We create novel small molecule immuno‑oncology therapeutics

Drugs that are designed to spark cancer neoantigen creation and subsequently stimulate the immune system can improve outcomes for patients who do not benefit from the current generation of cancer immunotherapies.

Chronic MMR loss elicits increased expression of cancer neoantigens, and patients with MMR deficiency respond well when treated with cancer immunotherapies, specifically checkpoint inhibitors ('CPIs').

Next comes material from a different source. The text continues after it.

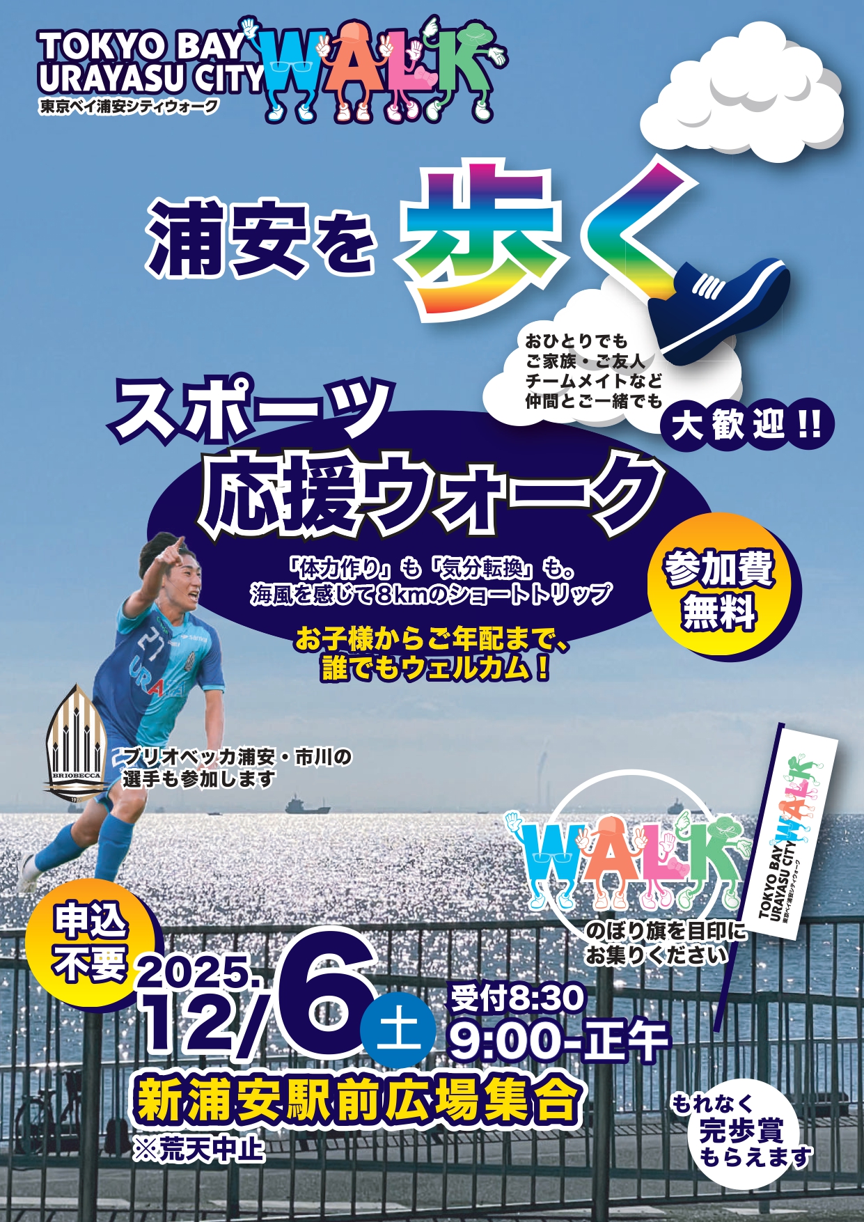 ブリオベッカ浦安の選手が皆さんと一緒に参加します。日ごろ触れ合う機会がない選手たちと楽しい会話をしながら歩きます。

Recently, the CPIs Keytruda and Opdivo have been approved for use in solid tumours that are deficient in MMR. This landmark event is the first time the FDA has approved a cancer treatment based on a common biomarker regardless of tumour etiology. It also represents strong clinical validation of NeoPhore's drug discovery strategy.

Research by NeoPhore’s scientific founders (Professor Alberto Bardelli and Assistant Professor Giovanni Germano) further supports our therapeutic approach; loss of certain MMR genes in preclinical models elicits continuous neoantigen generation in cancer cells, which in turn drives cancer immunity (Nature, 29 November 2017).

NeoPhore is pursuing novel and innovative approaches that build upon the well-established links between MMR function and clinical efficacy. Few mechanisms are as fundamental to cancer immunity, or are as well-proven by both pre-clinical and clinical studies.